AYUDAR A VIVIR
Hoy vino María Esther a visitarme y a mostrarme su bebé de dos meses. Una carita gorda y serena envuelta en trapitos limpios. Me río con ella, porque es feliz a pesar de todo, y porque tiene todo, me dice. Y todo cabe en una pieza muy chiquita y dos sillones en los que nos sentamos, aquella vez que fui con el dinero de la colecta.
Le regalo revistas viejas, que puede leer porque yo le enseñé a hacerlo, y cuando la veo así, feliz porque tiene todo, con el bebé, un paquete de revistas y el gajo de malvón para trasplantar, guardado en la cartera; la recuerdo distinta...
Un día, cuando me jubile, voy a escribir la historia de cada uno de los chicos que aprendieron a leer y escribir conmigo, que aprendieron a vivir de otra manera conmigo y que me enseñaron a vivir de otra manera.
También deberé recordarme a mí, tan distinta, la maestra de quinto grado, durante quince años en la misma escuela, que ya confundía su propio nombre con su puesto. Yo era Celia, la maestra de quinto grado, y abandoné mi empleo de cuatro horas, por otro de veinticuatro horas por día, que a veces, se hicieron veinticinco o treinta, porque la vida no puede medirse con las horas que marca el reloj.
Mi libro tendría que ser enorme, donde entren todos...
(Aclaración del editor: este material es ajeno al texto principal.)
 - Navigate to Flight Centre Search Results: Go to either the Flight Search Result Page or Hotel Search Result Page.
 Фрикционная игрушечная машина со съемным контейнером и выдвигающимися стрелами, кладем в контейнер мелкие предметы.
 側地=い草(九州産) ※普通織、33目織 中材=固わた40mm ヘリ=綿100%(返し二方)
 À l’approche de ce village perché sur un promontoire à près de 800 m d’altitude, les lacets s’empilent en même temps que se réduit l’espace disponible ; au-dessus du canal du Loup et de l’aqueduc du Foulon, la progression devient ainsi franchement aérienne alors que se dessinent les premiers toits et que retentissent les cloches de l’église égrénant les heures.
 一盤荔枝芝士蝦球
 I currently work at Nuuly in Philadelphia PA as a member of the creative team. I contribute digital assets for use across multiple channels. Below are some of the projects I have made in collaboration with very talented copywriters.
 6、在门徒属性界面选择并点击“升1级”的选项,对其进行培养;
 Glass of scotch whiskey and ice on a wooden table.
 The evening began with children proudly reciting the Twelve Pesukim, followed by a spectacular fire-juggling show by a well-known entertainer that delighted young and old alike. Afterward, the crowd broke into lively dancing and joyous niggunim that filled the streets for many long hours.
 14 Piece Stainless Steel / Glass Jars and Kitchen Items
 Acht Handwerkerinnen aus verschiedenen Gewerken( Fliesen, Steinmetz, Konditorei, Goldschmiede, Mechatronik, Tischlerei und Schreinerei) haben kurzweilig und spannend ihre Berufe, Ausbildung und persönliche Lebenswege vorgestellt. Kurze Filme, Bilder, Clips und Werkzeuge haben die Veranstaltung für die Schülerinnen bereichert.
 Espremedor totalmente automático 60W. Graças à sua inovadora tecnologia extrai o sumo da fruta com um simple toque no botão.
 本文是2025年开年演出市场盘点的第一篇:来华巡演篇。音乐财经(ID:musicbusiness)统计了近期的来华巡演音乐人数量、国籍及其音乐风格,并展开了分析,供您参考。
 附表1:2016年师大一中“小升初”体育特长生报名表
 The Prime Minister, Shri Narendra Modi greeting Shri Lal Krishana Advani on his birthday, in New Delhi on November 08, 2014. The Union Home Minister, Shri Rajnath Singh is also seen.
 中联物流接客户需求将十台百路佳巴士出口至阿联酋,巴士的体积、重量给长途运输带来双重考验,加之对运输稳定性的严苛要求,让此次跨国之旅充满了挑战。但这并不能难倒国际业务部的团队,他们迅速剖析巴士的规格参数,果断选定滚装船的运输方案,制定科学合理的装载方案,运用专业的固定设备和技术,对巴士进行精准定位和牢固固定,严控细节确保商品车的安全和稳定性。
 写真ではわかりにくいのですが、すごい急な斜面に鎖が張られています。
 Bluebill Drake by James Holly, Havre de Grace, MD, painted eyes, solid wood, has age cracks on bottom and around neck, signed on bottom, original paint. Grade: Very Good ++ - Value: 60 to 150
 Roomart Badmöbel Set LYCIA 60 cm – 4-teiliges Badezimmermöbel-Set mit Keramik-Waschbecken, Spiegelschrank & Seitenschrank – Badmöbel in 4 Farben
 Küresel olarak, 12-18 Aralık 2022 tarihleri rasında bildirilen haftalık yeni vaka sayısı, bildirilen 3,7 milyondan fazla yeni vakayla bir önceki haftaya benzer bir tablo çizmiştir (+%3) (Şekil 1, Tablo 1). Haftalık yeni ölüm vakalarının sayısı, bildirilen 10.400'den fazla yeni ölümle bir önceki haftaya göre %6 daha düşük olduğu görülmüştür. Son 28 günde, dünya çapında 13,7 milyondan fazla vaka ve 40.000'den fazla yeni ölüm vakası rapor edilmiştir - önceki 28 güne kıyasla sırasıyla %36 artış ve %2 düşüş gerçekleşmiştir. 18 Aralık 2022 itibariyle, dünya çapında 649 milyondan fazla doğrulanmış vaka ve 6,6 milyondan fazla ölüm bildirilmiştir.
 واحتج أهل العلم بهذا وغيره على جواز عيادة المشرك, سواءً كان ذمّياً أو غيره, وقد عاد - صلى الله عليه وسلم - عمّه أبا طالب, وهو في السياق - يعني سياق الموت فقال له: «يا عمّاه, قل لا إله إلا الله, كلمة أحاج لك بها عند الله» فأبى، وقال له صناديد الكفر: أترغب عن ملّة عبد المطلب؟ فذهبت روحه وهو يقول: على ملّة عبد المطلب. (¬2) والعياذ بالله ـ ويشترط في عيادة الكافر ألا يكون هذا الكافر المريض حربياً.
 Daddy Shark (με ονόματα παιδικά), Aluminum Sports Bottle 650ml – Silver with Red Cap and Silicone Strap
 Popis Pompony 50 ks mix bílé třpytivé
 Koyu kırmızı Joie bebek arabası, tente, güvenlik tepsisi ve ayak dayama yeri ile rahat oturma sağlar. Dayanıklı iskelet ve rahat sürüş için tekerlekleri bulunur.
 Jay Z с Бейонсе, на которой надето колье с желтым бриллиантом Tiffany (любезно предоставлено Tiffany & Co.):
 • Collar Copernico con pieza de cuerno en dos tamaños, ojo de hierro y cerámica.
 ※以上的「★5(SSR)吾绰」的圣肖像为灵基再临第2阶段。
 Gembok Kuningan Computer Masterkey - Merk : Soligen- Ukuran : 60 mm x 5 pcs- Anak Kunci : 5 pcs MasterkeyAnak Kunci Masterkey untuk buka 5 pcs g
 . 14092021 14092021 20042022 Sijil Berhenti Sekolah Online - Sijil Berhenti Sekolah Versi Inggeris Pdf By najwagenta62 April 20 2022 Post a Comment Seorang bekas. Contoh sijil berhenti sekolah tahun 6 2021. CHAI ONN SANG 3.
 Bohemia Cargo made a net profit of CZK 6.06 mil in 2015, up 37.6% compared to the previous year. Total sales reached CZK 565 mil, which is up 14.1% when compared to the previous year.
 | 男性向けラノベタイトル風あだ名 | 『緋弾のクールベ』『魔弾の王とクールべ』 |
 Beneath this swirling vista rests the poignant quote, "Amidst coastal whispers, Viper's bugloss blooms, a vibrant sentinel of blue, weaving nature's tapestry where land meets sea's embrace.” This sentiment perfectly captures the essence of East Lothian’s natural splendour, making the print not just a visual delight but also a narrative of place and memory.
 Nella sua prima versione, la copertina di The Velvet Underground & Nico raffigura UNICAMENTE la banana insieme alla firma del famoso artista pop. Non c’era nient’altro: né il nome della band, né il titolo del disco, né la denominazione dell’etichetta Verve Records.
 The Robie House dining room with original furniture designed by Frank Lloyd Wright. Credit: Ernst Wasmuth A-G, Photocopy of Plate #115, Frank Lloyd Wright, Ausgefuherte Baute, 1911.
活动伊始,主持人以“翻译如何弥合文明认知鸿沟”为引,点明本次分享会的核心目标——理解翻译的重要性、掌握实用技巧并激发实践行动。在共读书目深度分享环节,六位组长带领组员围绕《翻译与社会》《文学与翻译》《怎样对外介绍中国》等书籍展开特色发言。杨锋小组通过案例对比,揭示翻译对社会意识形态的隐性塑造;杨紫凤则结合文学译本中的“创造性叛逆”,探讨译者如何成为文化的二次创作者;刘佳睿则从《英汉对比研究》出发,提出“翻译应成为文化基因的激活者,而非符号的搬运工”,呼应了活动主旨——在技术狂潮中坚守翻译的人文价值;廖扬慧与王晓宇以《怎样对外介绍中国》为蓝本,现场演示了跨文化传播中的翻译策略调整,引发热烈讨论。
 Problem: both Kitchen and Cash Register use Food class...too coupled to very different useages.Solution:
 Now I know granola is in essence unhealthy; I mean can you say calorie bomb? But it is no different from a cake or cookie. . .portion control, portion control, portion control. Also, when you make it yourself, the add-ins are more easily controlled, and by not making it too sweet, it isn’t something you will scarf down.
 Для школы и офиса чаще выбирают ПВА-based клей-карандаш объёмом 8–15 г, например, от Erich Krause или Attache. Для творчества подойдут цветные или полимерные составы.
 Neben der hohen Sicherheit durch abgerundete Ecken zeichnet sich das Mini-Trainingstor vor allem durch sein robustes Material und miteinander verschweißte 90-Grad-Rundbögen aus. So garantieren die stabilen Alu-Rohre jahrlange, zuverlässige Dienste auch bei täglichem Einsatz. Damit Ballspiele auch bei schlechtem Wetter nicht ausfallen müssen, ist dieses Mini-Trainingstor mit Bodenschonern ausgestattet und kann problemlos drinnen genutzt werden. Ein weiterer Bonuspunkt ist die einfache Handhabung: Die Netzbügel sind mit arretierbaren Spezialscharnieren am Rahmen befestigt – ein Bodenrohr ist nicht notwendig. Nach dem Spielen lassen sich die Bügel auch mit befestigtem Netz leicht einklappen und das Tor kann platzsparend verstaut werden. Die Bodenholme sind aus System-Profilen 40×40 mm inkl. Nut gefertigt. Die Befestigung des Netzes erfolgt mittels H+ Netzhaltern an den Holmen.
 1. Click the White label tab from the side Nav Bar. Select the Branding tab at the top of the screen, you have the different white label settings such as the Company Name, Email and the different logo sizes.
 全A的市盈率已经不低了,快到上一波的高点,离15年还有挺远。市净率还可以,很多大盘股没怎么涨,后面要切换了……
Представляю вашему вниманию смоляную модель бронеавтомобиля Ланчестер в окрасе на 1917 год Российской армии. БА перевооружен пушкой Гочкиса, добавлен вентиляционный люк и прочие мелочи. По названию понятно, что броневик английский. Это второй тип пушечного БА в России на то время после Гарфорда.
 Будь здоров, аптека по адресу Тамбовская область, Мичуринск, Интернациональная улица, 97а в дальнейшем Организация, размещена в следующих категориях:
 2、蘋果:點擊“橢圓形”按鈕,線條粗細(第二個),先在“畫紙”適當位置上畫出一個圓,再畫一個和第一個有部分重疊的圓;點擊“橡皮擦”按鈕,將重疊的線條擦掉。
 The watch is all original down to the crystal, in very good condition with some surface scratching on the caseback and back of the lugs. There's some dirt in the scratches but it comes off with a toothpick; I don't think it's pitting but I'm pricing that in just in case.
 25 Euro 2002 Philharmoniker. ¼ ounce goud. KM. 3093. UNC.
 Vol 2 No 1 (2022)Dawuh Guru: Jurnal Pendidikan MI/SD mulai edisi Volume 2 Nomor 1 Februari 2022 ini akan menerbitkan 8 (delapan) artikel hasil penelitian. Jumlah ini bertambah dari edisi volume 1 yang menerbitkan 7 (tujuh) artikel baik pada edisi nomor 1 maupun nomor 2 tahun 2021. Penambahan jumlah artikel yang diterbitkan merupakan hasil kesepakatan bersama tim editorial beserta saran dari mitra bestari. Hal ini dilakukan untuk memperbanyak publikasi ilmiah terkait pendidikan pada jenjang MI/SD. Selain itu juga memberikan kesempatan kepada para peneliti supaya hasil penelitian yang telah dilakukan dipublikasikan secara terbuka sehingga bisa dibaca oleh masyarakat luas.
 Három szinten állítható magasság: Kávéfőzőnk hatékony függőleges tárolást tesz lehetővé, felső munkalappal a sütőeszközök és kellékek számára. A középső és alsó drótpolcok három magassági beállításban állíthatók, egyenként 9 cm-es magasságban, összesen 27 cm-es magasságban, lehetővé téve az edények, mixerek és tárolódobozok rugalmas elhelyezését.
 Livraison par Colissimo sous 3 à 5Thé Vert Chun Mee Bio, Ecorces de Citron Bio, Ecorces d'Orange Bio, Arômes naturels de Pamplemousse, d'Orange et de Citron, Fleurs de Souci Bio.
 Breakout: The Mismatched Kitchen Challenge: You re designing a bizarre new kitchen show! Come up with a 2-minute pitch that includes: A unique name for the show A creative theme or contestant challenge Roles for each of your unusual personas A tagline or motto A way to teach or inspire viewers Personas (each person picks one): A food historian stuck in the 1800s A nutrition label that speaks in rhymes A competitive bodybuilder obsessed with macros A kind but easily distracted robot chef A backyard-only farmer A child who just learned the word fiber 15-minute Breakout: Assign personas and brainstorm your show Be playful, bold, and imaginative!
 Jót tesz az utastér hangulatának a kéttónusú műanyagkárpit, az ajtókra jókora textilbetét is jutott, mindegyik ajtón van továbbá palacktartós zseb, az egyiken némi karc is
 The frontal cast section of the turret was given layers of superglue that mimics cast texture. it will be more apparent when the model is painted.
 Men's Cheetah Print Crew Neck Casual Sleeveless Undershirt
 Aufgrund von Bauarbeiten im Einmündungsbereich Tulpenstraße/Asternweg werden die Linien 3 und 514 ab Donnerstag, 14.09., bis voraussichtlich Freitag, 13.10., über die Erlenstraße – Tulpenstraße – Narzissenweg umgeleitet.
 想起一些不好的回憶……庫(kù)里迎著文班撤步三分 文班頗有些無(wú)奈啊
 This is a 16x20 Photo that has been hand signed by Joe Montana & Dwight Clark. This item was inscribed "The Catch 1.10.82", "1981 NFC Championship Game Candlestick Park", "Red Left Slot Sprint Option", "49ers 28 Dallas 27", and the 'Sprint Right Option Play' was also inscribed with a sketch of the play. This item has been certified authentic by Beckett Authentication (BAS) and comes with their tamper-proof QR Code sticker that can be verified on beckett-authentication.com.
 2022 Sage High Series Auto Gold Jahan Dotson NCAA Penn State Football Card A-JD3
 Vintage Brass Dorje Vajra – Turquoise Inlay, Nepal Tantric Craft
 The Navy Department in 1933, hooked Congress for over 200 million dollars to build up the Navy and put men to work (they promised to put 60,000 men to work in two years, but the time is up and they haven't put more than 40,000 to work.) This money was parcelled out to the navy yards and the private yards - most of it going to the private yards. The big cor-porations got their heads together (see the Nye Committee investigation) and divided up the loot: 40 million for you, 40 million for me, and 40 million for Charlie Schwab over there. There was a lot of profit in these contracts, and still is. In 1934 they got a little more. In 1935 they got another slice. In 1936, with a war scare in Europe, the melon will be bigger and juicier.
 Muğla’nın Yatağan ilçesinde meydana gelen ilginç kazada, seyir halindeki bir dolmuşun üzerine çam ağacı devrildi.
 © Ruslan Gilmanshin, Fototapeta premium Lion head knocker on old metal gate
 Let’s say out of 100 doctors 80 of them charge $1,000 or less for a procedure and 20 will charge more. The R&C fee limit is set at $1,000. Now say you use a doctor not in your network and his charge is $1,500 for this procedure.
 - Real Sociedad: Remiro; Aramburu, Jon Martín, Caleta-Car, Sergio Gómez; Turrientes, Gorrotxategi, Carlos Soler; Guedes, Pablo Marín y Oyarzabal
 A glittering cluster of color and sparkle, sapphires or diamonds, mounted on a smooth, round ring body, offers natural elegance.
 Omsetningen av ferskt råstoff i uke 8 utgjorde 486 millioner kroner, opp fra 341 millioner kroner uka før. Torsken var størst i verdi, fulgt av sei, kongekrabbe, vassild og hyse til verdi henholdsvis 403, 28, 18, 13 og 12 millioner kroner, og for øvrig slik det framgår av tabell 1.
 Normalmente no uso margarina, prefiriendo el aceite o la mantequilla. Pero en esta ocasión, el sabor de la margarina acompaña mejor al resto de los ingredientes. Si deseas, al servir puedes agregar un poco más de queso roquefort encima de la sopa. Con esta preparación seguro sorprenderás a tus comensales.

Martín y su lucha con las matemáticas, que le permita contar los pesos ahorrados cada mes hasta comprar una furgoneta de reparto, con las que repartía mercaderías y pilas de diarios viejos.
Y Leandro, que recién aprendió a leer el diario a los cincuenta años, quien ahora viaja en el colectivo con el diario que ya leyó.
Y los mellizos Moreno, que se enamoraban de una misma chica, y una noche se la jugaron en una pelea sobre el terraplén, y solo se separaron cuando me reconocieron en medio de sus piñas.
Y estarán muchos más. Y María Esther, por supuesto...
Solamente que hoy, María Esther me visitó, vale la pena que la gente se entere de cuánto le costó llegar a este día, con su bebé, un paquete de revistas, y una cartera con un gajo de malvón guardado en ella, y seguramente los pesos justos para el viaje; diciéndome: "hasta pronto, Celia", desde la vereda, con una hermosa sonrisa.
Vale la pena, porque debe haber muchas Celias, maestras de quinto grado, empeñadas en ayudar a vivir.
Hermoso y emotivo cuento... refleja los valiosos recuerdos de una vida ejemplar.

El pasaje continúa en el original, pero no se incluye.